I signed up with a distributor, DistroKid, which was endorsed by Spotify. Plus, I’d heard good things about it online from other indie musicians and it only cost $25 a year. I uploaded an audio file for my first single—It Sings (Marjorie).
The song is about my grandma, my mother’s mother. She’s had Alzheimer’s for years and is in hospice care. I wrote it in February. I hadn’t seen her in months, since my grandpa (her husband) died—but my mom visits her every weekend.
The first two lines appeared in my mind: “Your name is Marjorie/You don’t know that anymore” and the rest flooded out in half an hour. The lyrics felt complete, but the tragedy of it didn’t hit me until I put chords to it a few days later. Singing it over and over as I found the music, I got choked up.

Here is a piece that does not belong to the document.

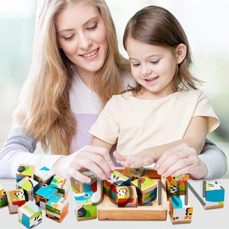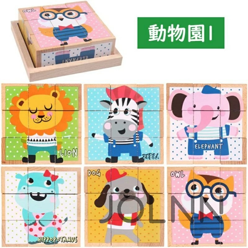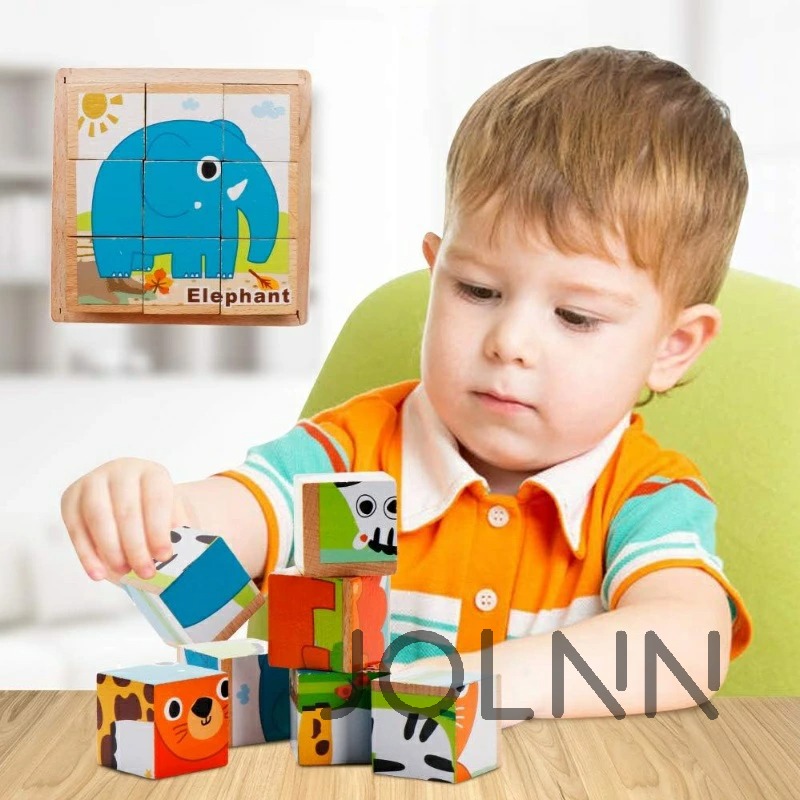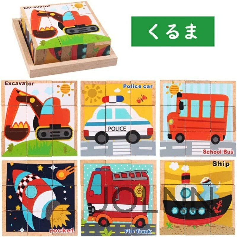キューブパズル 3D立体パズル 木製 動物園1 動物園2 海洋動物 昆虫 くるま 果物

I made a video of myself singing it and posted it on Instagram. I showed the video to my mom, and we sat in silence for a minute. She asked if she could share it with her brother, who also takes care of Marjorie. She also shared it with her friends.
The week of the Spotify release, friends messaged me how much they loved the song. Strangers responded, too: listeners whose parents and grandparents were also fading away. My mom came into my room the day the song came out. “It means a lot to me that it was this one, you know,” she said. It was for my mom that I’d described the quiet devastation of losing someone beloved to dementia, which she’d been enduring for years.
We hugged. I felt loved, and I felt that I’d shown my love for her. That is why I make music: to connect, whether with strangers or with people already close to me.